[Courtesy of Row K Entertainment]

Movie Review: Dead Man's Wire

06:00 January 19, 2026
By: Fritz Esker

Dead Man's Wire (2025)

Director Gus Van Sant's new film Dead Man's Wire focuses on a bizarre piece of true crime history. In 1977 Indianapolis, Tony (Bill Skarsgård) is mad about a mortgage company's underhanded tactics denying him a potentially valuable business opportunity. His plan is to kidnap the company's owner M.L. Hall (Al Pacino), but M.L. is out of town. So, he kidnaps Richard (Dacre Montgomery), the business' vice president and the owner's son. The movie's title comes from the contraption attached to a shotgun that Tony straps around Richard's neck where if anything happens to Tony or if Richard tries to run, Richard's head will get blown off.

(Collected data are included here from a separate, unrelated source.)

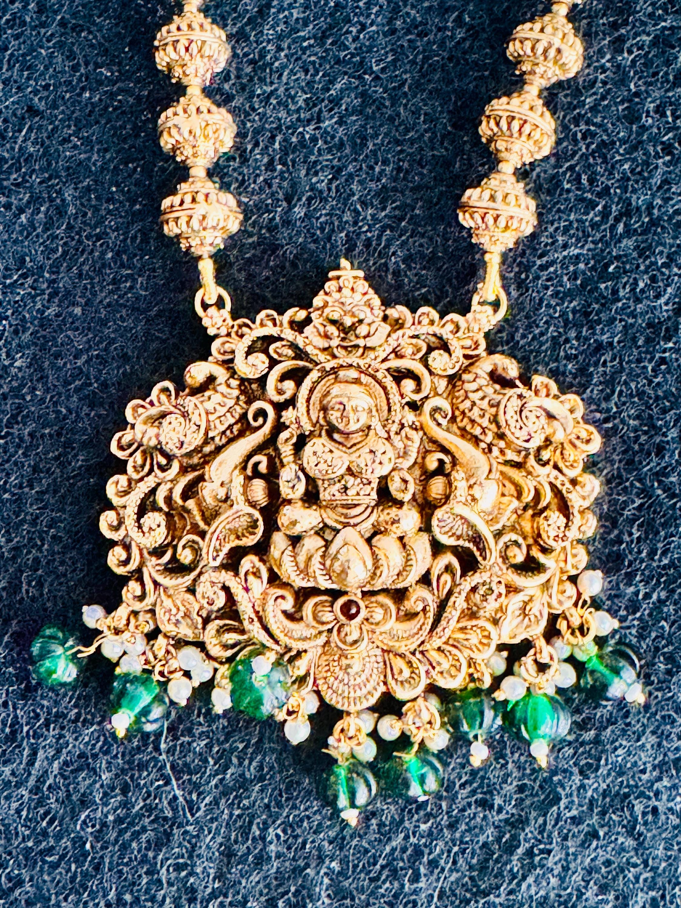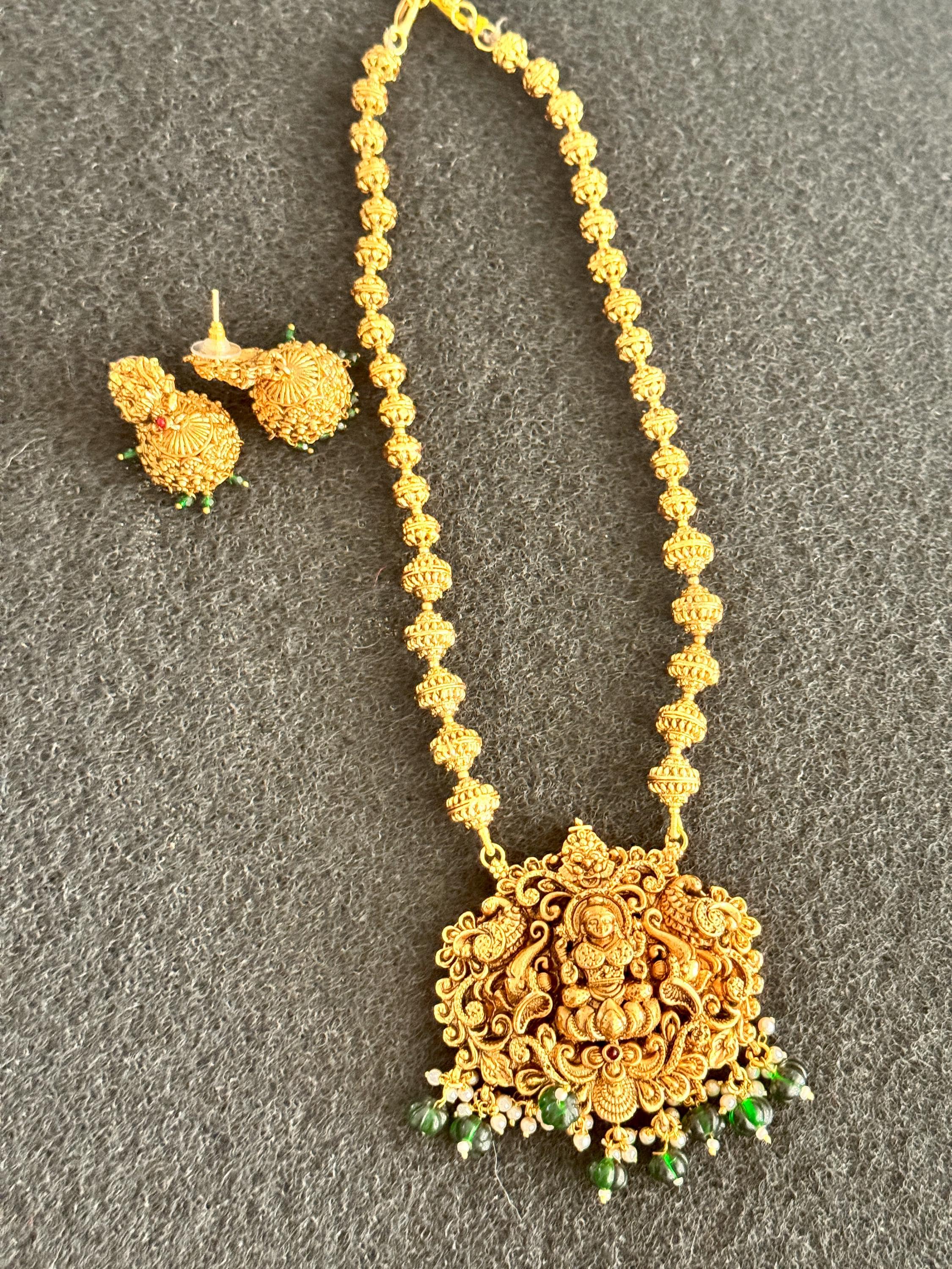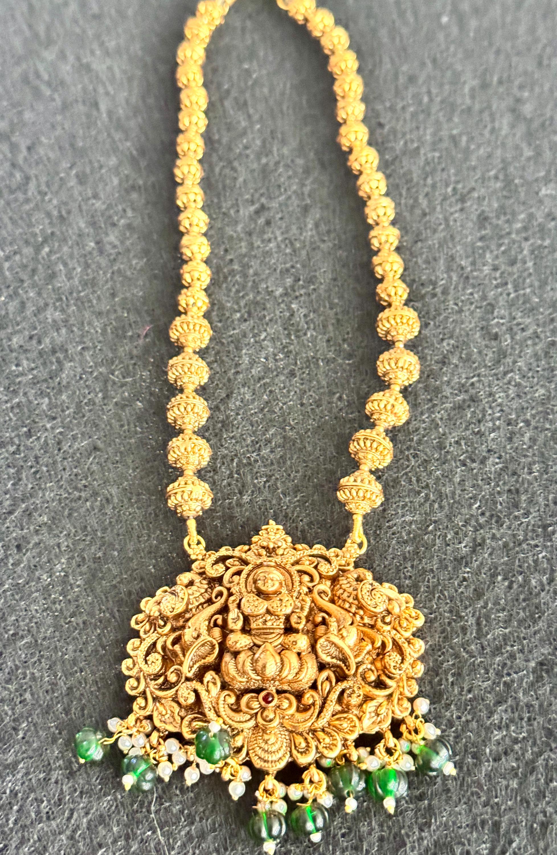 Gold Finish Lakshmi Pendant Set - Indian Imitation Jewelry
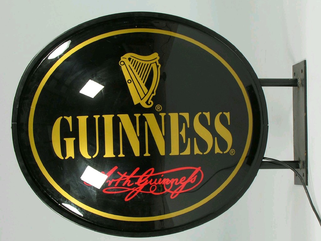 A large Guinness advertising wall light elliptical form 88cm. wide
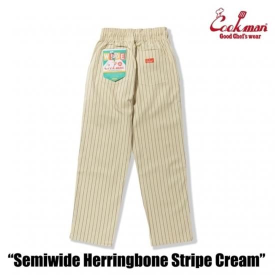 Cookman クックマン シェフパンツ Chef Pants Semiwide Herringbone Stripe Cream
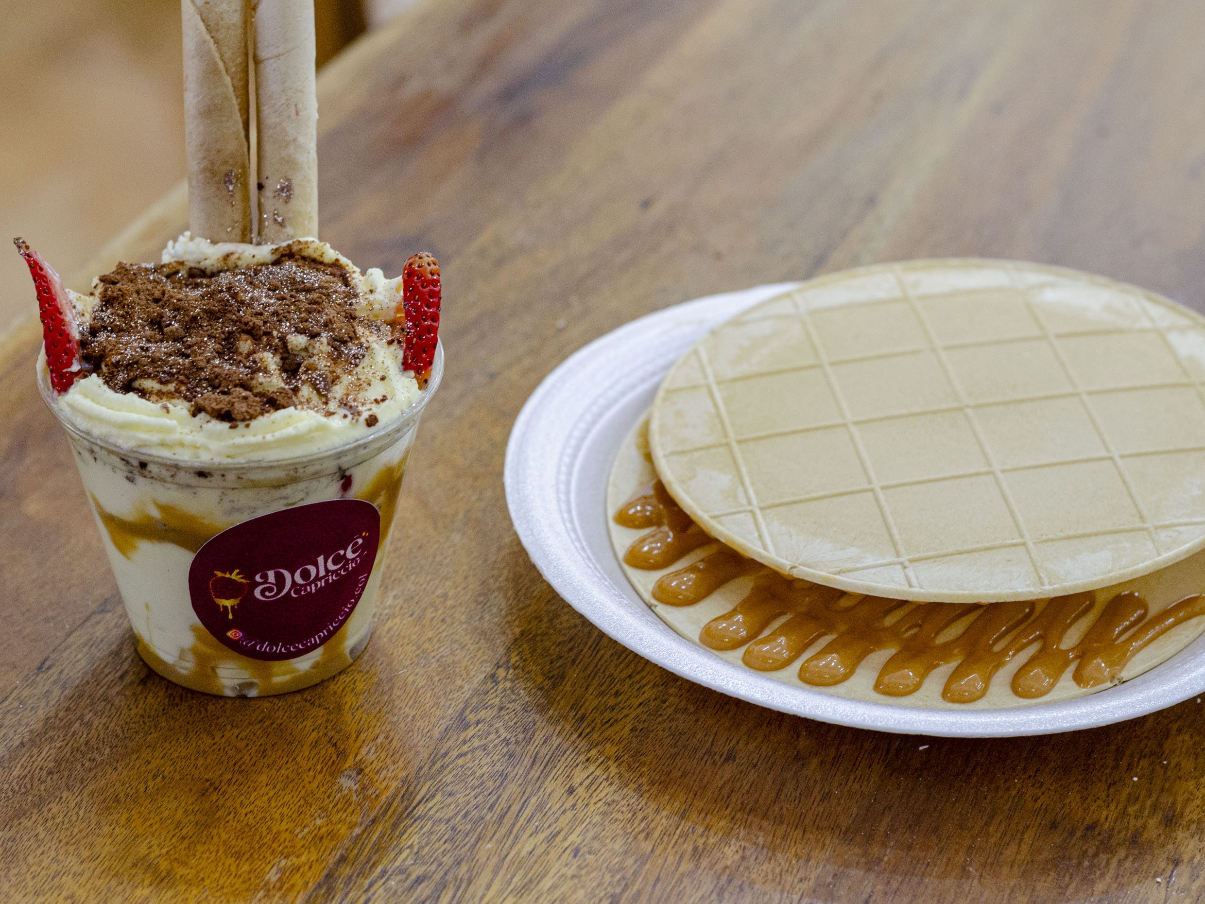 Obleas rellenas de arequipe, crema de la casa y fruta.
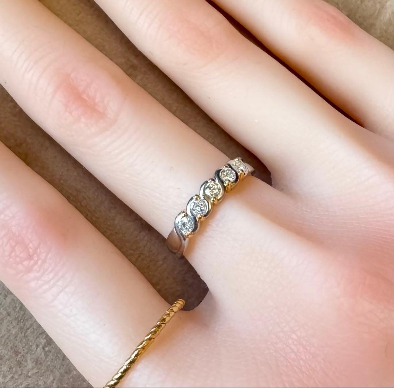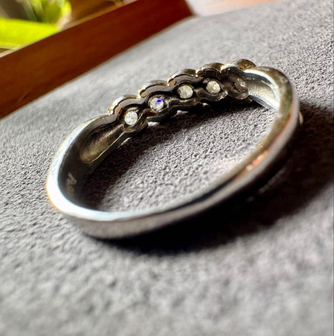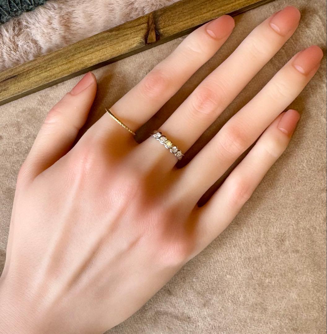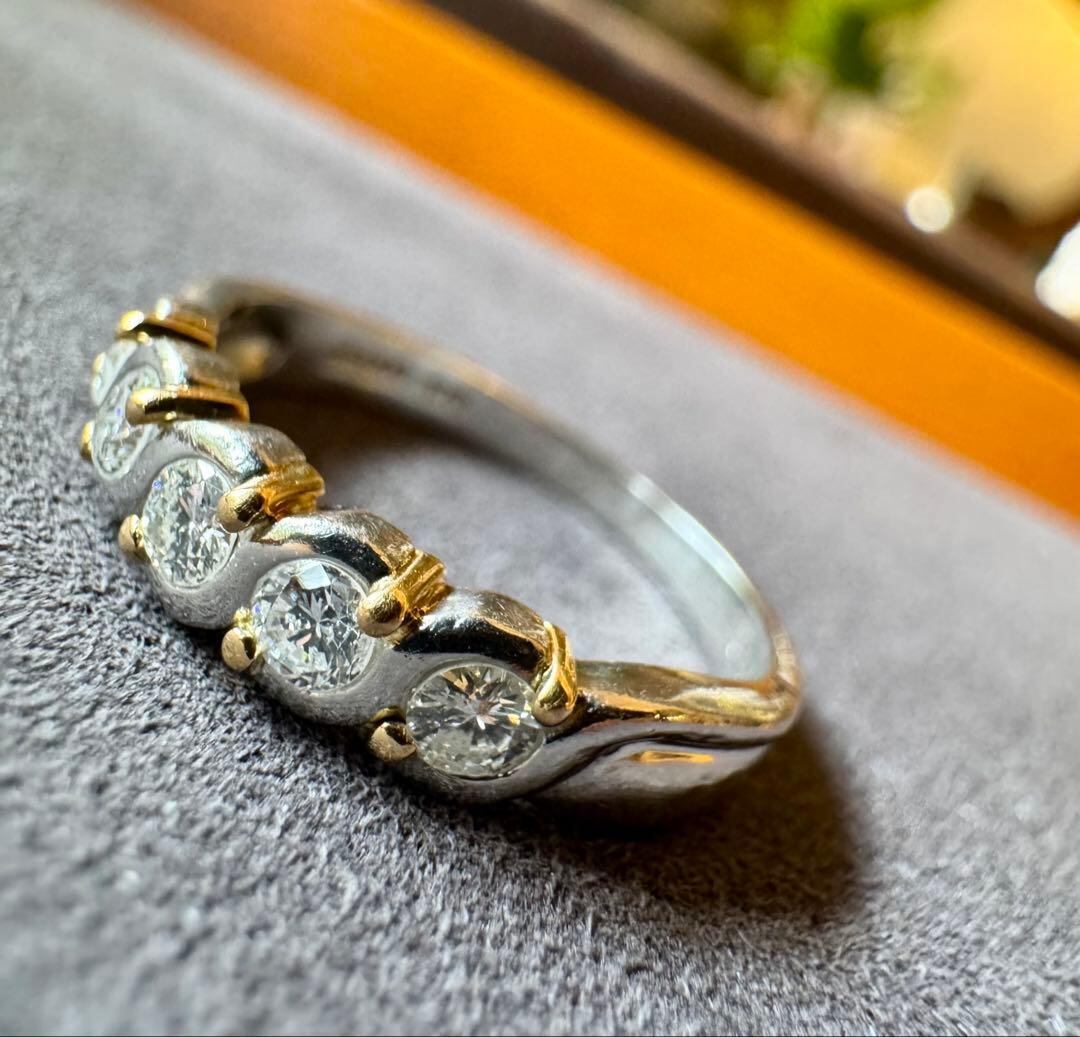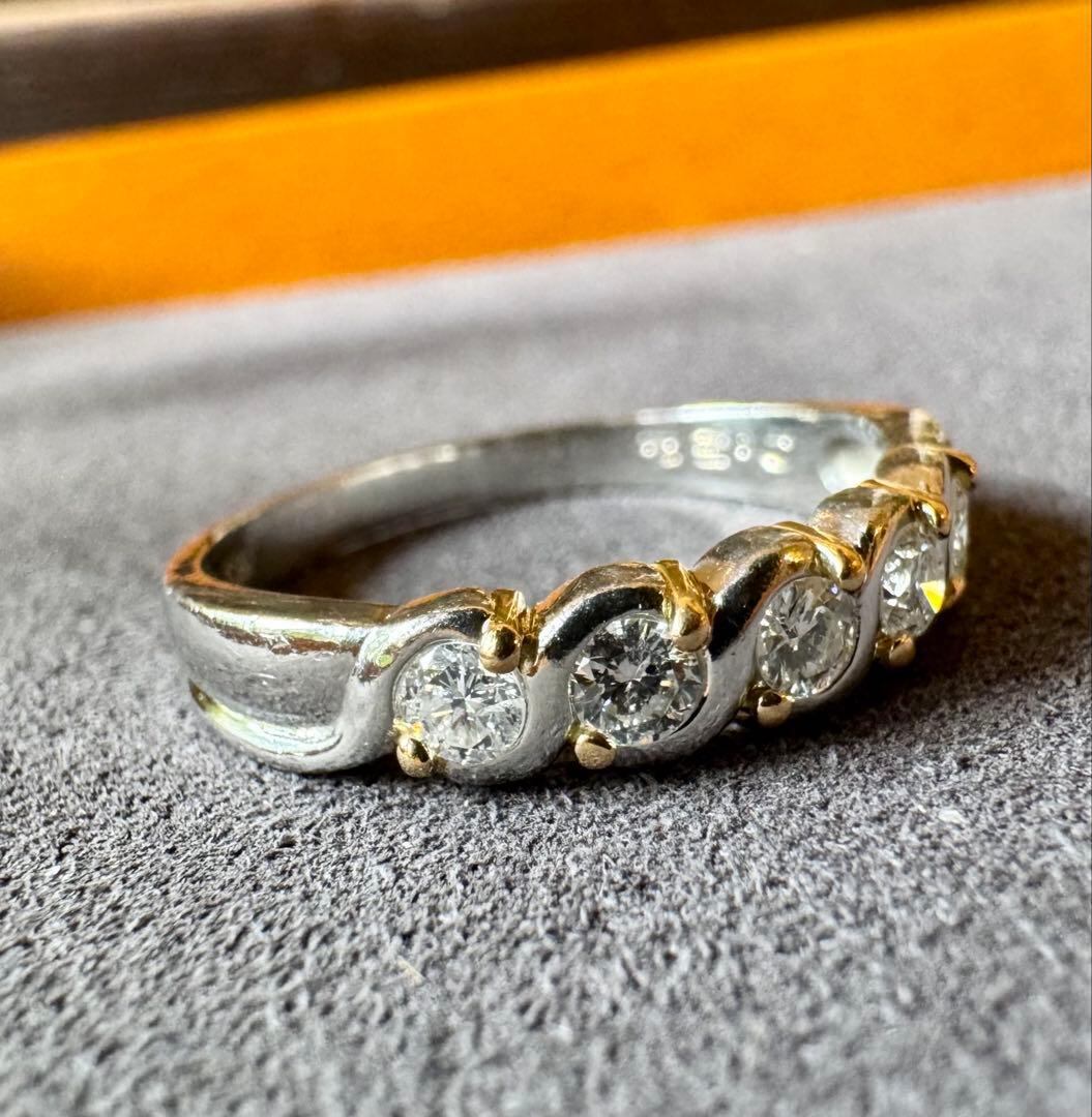 Pt900とK18のツイストデザインにダイヤモンド5石が輝くコンビリングです✦

Van Sant (Good Will Hunting, Milk) does a good job with the '70s atmosphere, and he also gets a top-notch performance from Colman Domingo as a radio DJ who Tony calls to get his message out to the public. The fact that the true story the film is based on is forgotten or unknown by most means there is genuine tension in the final act as to what will happen between the characters. However, the film's first and third acts are its strongest. Once Tony takes Richard to Tony's apartment and he barricades the two of them inside, the story drags a bit and bogs down. The movie also suffers from a strange accent choice by Cary Elwes, who plays a cop trying to negotiate with Tony.

Dead Man's Wire, with its '70s setting and an emphasis on the media circus accompanying a hostage situation, calls to mind Dog Day Afternoon (including the presence of Pacino in both films), but it never quite reaches the heights of Sidney Lumet's 1975 classic.